Melony, the teacher, goes on to explain: "Before Jesus came, people who disobeyed God got turned to a pillar of salt. So thank God for Jesus because we can say 'Jesus, I'm sorry' and we don't have to fear getting turned into a pillar of salt, which really happened in the Old Testament."

What a horrible creed to teach kids - such a god, if it exists, is not worth of worship.



The uncompromising creationist curriculum taught in Carmel has been imported from the US. It is called Accelerated Christian Education; the motto of the Florida-based company who produce it is: "Reaching the world for Christ, one child at a time."

With 50 small schools in the UK teaching this curriculum, a total of more than 2,000 children are being "reached for Christ". Yet these schools are not operating outside the education system. Carmel is a government-endorsed faith school, complete with an Ofsted report that describes the teaching as "satisfactory".

According to the head teacher, David Owens, it's all thanks to a Labour prime minister. "Tony Blair opened the door in the debate on faith schools," he explains. "So it's time for people like us to strike while the iron is hot."


Nice legacy, Tony.:down:
 
financeguy said:


What a horrible creed to teach kids - such a god, if it exists, is not worth of worship.






Nice legacy, Tony.:down:

Is it really so much worse than the Catholic Church's influence in Ireland ?

:down: to the Catholic Church
:down: to the Bush/Blair Fundamentalists
 
Melony, the teacher, goes on to explain: "Before Jesus came, people who disobeyed God got turned to a pillar of salt.
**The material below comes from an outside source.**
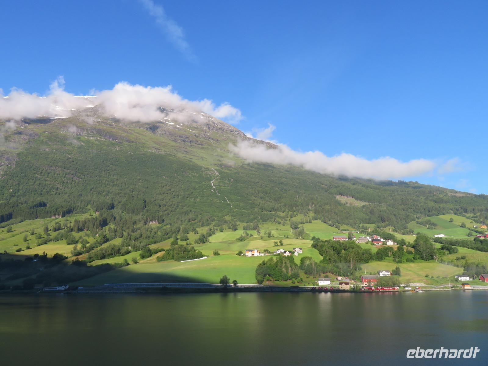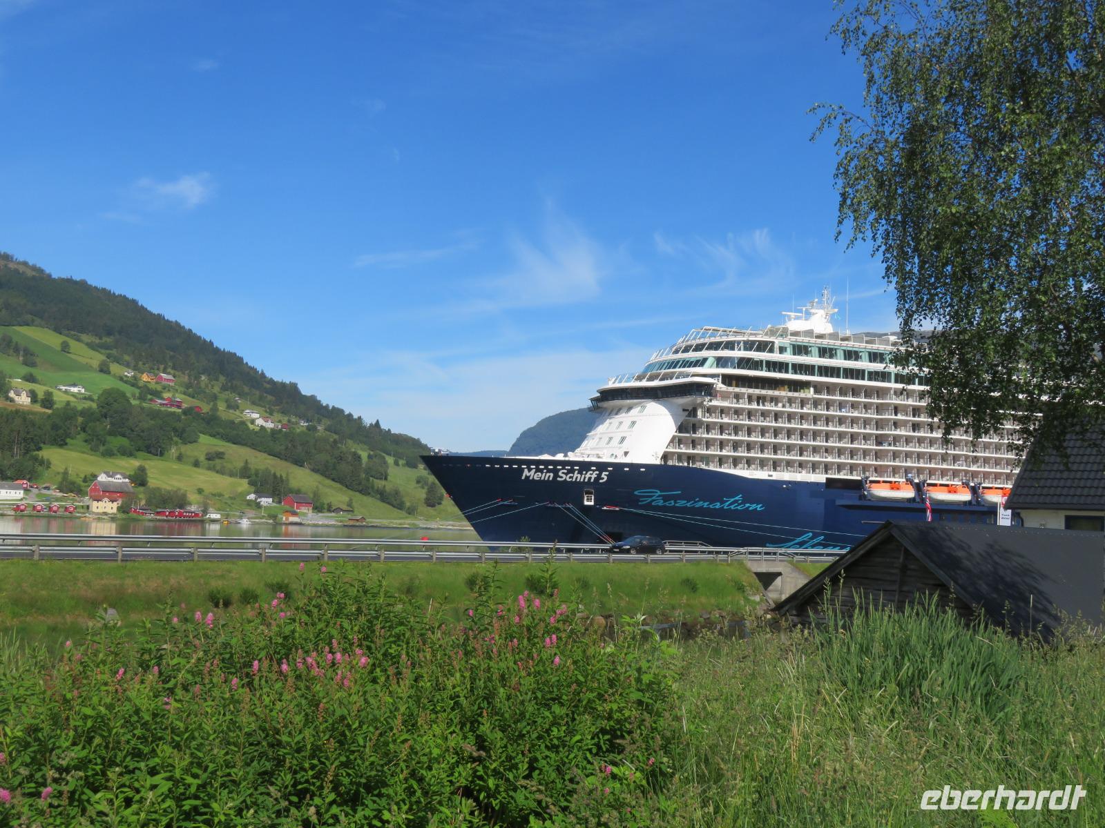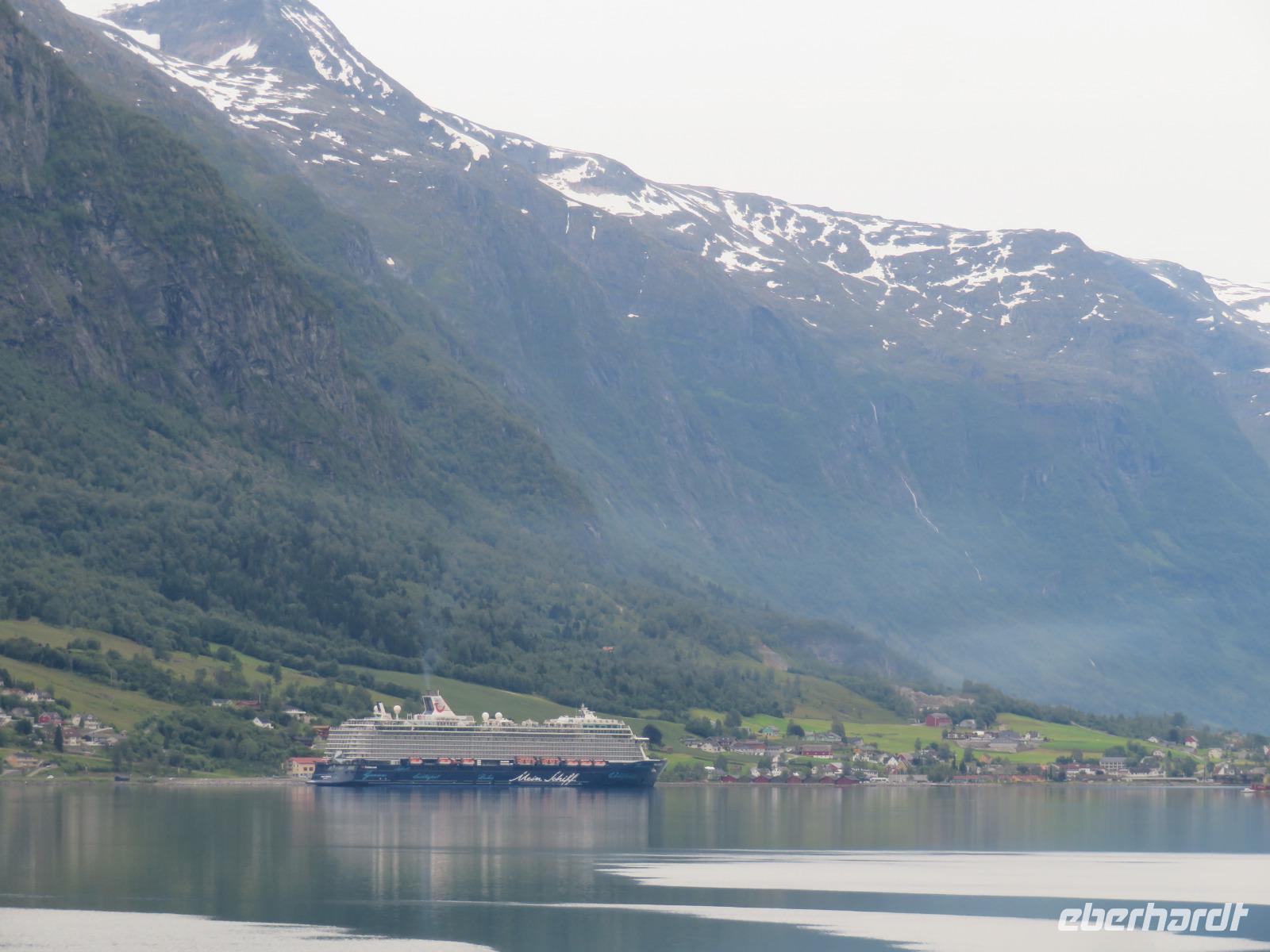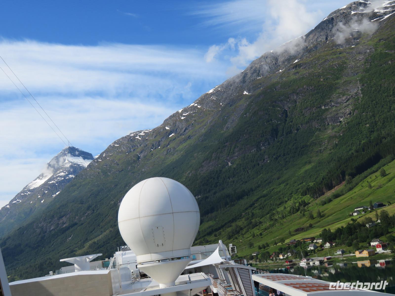 Es ist unglaublich wir liegen mit unserer „Mein Schiff 5" inmitten tiefer Fjorde, grüner Wiesen, üppiger Vegetation, kleiner Bäche und hoher Berggipfel. Die Gebirgslandschaft in den Alpen kann nicht schöner sein.

So thank God for Jesus because we can say 'Jesus, I'm sorry' and we don't have to fear getting turned into a pillar of salt, which really happened in the Old Testament."

I attended Sunday school and learned all the stories in the Bible, Old Testament.

They were ingrained on my brain.

They also are prevalent in popular culture, movies, and the like.


Lately, I have been thinking there is very little, if anything of value in the "Old Testament".

If you remove the "Holy" concept from those stories, much of the behavior by these "righteous" people > is not very decent at all.

Also, these stories reinforce "prejudice", "intolerance", genocide, infanticide.


We have no problem labling and condemning what we believe is taught in Madrasas.

While all the time in a much more "subtle" way, the teachings we condemn, are the very part and parcel of these "Holy" writings.
 
It looks like you do have a point about Blair,
these are publicly funded schools.

These schools are not operating outside the education system. Carmel is a government-endorsed faith school, complete with an Ofsted report that describes the teaching as "satisfactory".

According to the head teacher, David Owens, it's all thanks to a Labour prime minister. "Tony Blair opened the door in the debate on faith schools," he explains. "So it's time for people like us to strike while the iron is hot."

The school is part of the Carmel Christian Centre, one of a growing number of locally based hard-line Christian organisations. The aim of these groups is to spread a fundamentalist form of Christianity. The followers believe that the Bible is literally true and not open to any degree of interpretation. They are the only "true" Christians because they have confessed their sins before Jesus and become "born again". Those who have not converted are damned.


Here is the article.
 
The Lord has not dealt with us according to our sins nor punished us according to our iniquities

Just a contrast between old and new testament. For Christians, not a bad creed at all.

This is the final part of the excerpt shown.